Highway 99 in Seattle, which is a double decker in places, is the one that scares me. My daughters use it all the time to bypass traffic on the busier I-5.
May 19th, 2008 at 12:19 pm
At some point the government has to make decisions like a family. What do we need to fix and what are we willing to do without until we get it fixed. Our infrastructure is in fact crumbling. In order to fix it we must decide what are we willing to put on hold, healthcare insurance, additional educational benefits, economic stimulus packages?
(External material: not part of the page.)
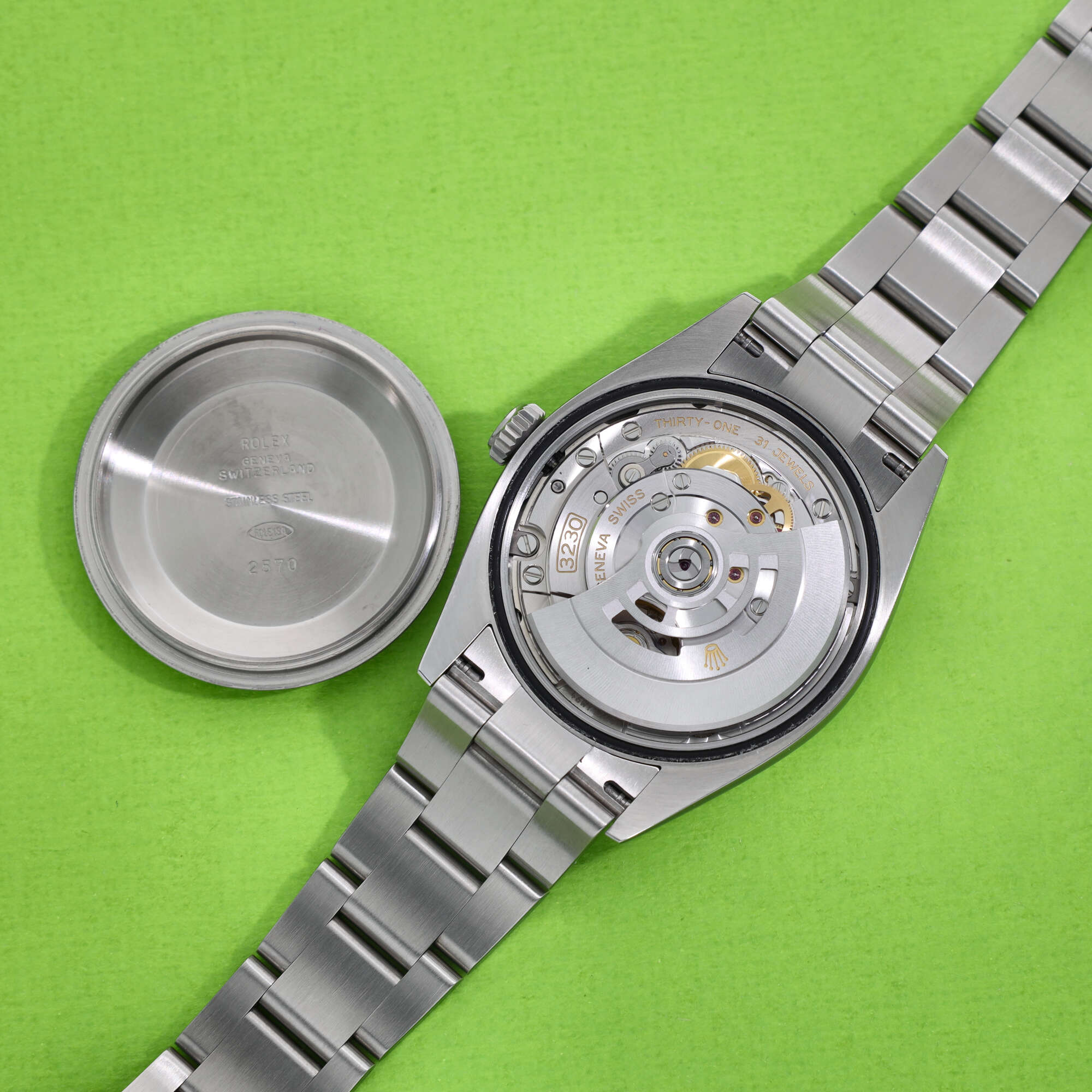 Oh how I love 36mm oyster cases.. 🥰 Really the best size there is, just enough bracelet, just enough watch. It makes a watch the complementary item it should be. This one is not for the looks from others, it is for your own eyes. Subtle and understated. 🥸 One of the most balanced dials out there, the classic 3-6-9. 🙂↕️

I certainly don’t have the answers, but I do know that we can’t have it all, and there are some very tough decisions that need to be made by the next administration, regardless of their party affiliation.
May 19th, 2008 at 2:13 pm
I am sure you’re especially paranoid in Boston after the whole Big Dig disaster!
In our area, the Woodrow Wilson Bridge was literally falling apart but now they’re rebuild it and added an extra span.
May 19th, 2008 at 2:18 pm
Oh, the Big Dig is a whole other can of worms. The woman who died in the tunnel incident was from my neighborhood.
May 19th, 2008 at 8:11 pm
The problem is that 90% Federal funding for so many of these road/bridge projects. The states are addicted to that 90% so much that state officials like to build, build, build…It’s one thing to build lots of bridges, but the states are responsible for maintaining them. All 50 states do this all the time.
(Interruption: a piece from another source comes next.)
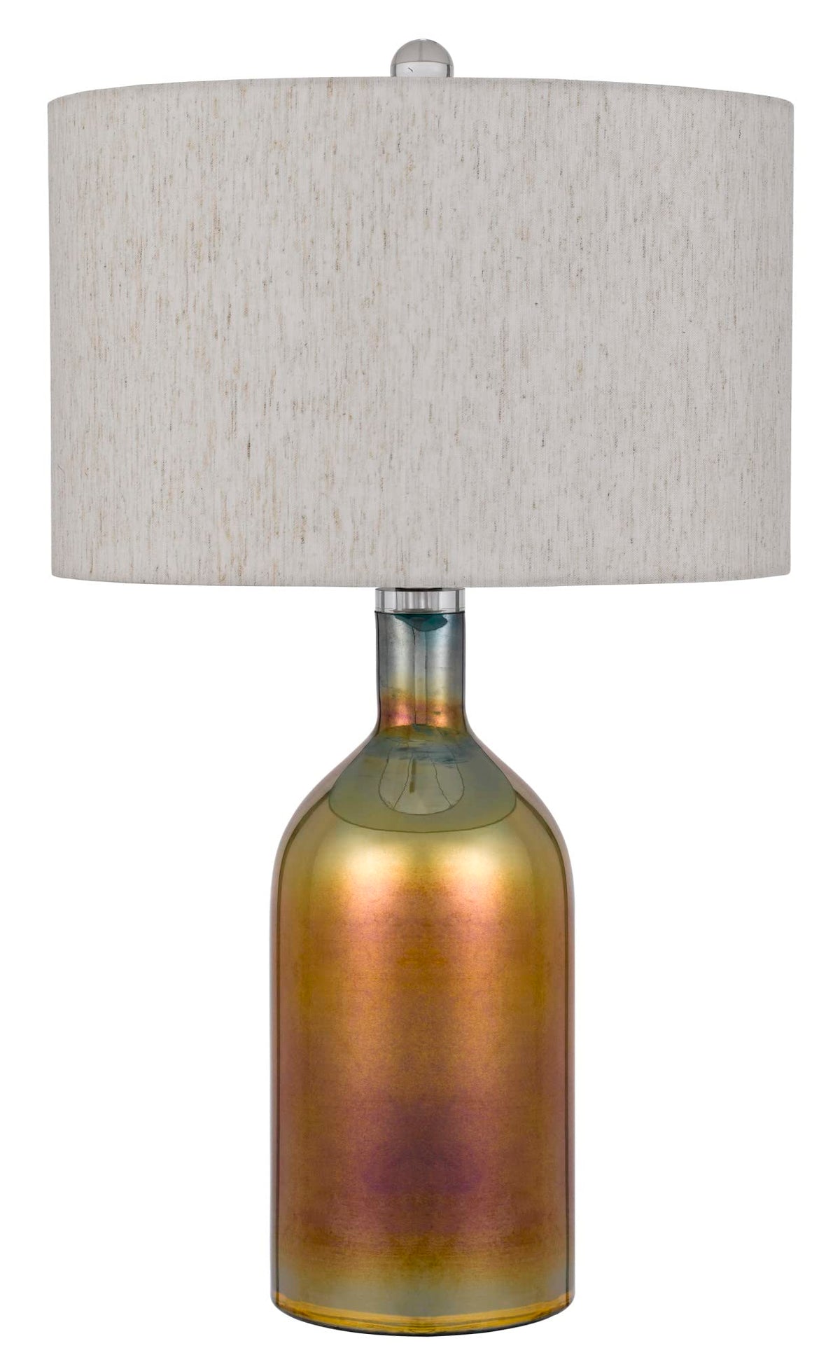 This casual yet elegant table lamp is a stylish way to refresh your rooms look. It features a classic wine bottle style silhouette with a striking iridescent patina finish . The lamp has clear glass accents and finial and is topped with a linen hardback f

I’m all for anything that assists in the maintaining of roads. Maybe a system of planned preventive maintenance might work, although like you say, nothing seems to be fixed correctly until the thing collapses
May 20th, 2008 at 7:16 am
thanks for reviving WPA from my era. we could make use of similar notions–like the CCC (civilian conservation corps) from back then– as a way to rehab the gulf coast as well as national infrastructure.
should we wait for another 1930s economic bottom or just keep pouring lives and dollars into iraq?
May 20th, 2008 at 8:10 am
Naomi, I LOVE the idea of the WPA.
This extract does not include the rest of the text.